Afora os dotes de atriz, Andrews é uma excelente cantora e bailarina e encontra em Dick Van Dyke seu parceiro ideal. O limpador de chaminés Bert é uma espécie de discípulo de Chaplin e o humor físico é seu ponto forte. Também ótimo cantor e dançarino, Van Dyke ainda surpreende aos menos atentos nos créditos finais. Ele também é responsável por interpretar o velho Sr. Dawes, presidente do banco onde George Banks trabalha.

Em tempo, é interessante observar a personagem de Glynis Johns, Winifred. A esposa de George Banks é uma feminista de carteirinha que luta pelo voto feminino, mas dentro de casa é mulher submissa sujeita aos mandos e desmandos do marido.
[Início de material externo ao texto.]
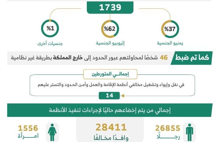 ثانيًا: بلغ إجمالي من تم ضبطهم خلال محاولتهم عبور الحدود إلى داخل المملكة (1739) شخصًا (37%) منهم يمنيو الجنسية، و(62%) إثيوبيو الجنسية، وجنسيات أخرى (01%)، كما تم ضبط (46) شخصًا لمحاولتهم عبور الحدود إلى خارج المملكة بطريقة غير نظامية.

Além do Oscar de melhor atriz, a película levou para casa os prêmios de melhor edição, melhores efeitos visuais, melhor trilha sonora e melhor canção original por “Chim Chim Cher-ee”. Mas todas as canções do filme se destacam pela alegria ou emoção proporcionadas ao público. Prova disso é a abertura que sobrevoa Londres ao som de uma pout-pourri com a trilha quase completa ao invés de se optar por uma só. Destaque para a divertida “A Spoonful of Sugar” e a bela “Feed the Birds”.

Completando o mise en scène estão as coreografias de Marc Breaux e Dee Dee Wood. O figurino de Tony Walton também permite uma melhor movimentação em cena. Contudo, dentre os aspectos técnicos, o que mais chama a atenção são os efeitos especiais. Avançados para época, eles ainda funcionam muito bem hoje, sem parecerem ultrapassados. As crianças e, até mesmo, os adultos não teriam dificuldade de se deixar enganar. Basta reparar nas cenas em que Mary Poppins plana com seu guarda chuva, na seqüência em que os atores contracenam com personagens animados e na arrumação do quarto das crianças.

Após assistir ao espetáculo que é “Mary Poppins”, se lhe faltarem palavras, ainda há uma coisa que se possa tentar dizer: “supercalifragilisticexpialidocious”.